Failed protocols and stuck tokens
If you deposited tokens into a protocol that failed — your aTokens are worthless, your staked position is inaccessible — you may be able to make a negligible value claim. The token still exists in your wallet, but it's functionally worthless. Document the protocol failure and claim accordingly.
Bridged tokens on a dead chain
You bridged ETH to a Layer 2 that subsequently shut down. The bridged tokens are inaccessible. HMRC guidance on this specific scenario is thin, but the principle is the same: if the asset is irrecoverably lost, a negligible value claim is likely appropriate. Keep evidence of the chain's shutdown.
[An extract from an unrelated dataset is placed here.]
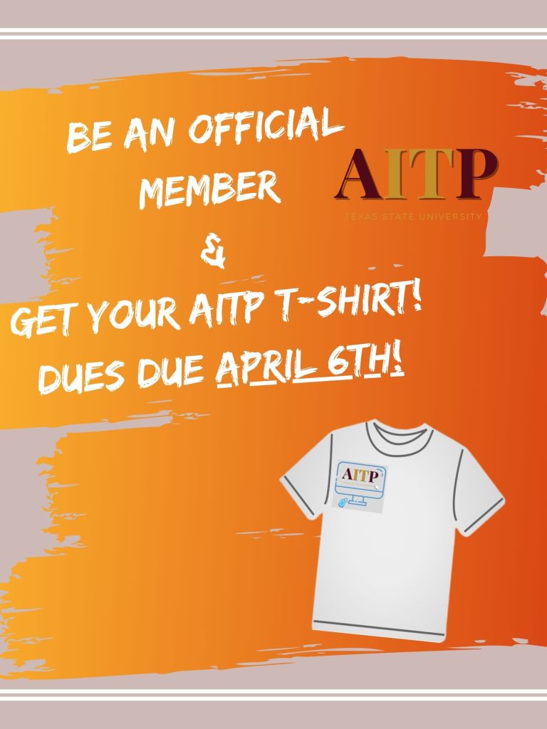 Dues deadline has been extended to April 6th! Don’t miss your opportunity to get an official AITP T-Shirt Posted on April 1, 2021 by txstateitsa Share: Click to share on Facebook (Opens in new window) Facebook Click to share on X (Opens in new window) X Click to email a link to a friend (Opens in new window) Email

CGT rates: what your losses actually save you
The value of a loss depends on the CGT rate you would otherwise pay. For 2024/25 onwards (from 30 October 2024):
| Tax band | CGT rate | Value of £1,000 loss |
|---|---|---|
| Basic rate | 18% | £180 saved |
| Higher rate | 24% | £240 saved |
A higher-rate taxpayer with £10,000 of unreported losses is leaving £2,400 on the table. Every year they don't claim, the four-year reporting deadline creeps closer.
How to report crypto losses on your tax return
The mechanics are straightforward once you have the numbers:
- Calculate every disposal — you need the proceeds (GBP value at disposal), cost basis (GBP value at acquisition, drawn from the S104 pool after same-day and B&B matching), and gas fees.
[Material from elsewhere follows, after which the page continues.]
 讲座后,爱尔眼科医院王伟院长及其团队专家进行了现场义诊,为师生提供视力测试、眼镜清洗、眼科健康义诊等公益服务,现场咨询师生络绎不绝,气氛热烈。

- Complete SA108 boxes 13.1–13.8 — Box 13.4 is your total gains, Box 13.5 is your total losses (as a positive number), and Box 13.6 is the net. If losses exceed gains, Box 13.6 shows the net loss.
- Claim carry-forward — losses not used this year carry forward. Make sure they're declared on your return so HMRC has them on record.
- Keep your working — HMRC expects you to be able to show how every gain and loss was calculated. That means the matching rule (same-day, B&B, or S104), the price source, and the pool state at the time of disposal.
For a full walkthrough of the Section 104 pool and HMRC's matching rules, see our complete 2024/25 crypto tax guide.
How ChainTax handles losses
ChainTax computes capital gains and losses for every disposal using the full HMRC methodology: same-day matching, 30-day B&B rule, then Section 104 pooling. Gas fees are included as allowable costs automatically.
- Loss carry-forward is computed automatically across tax years — losses that exceed gains in one year carry forward to the next, applied correctly against the annual exempt amount.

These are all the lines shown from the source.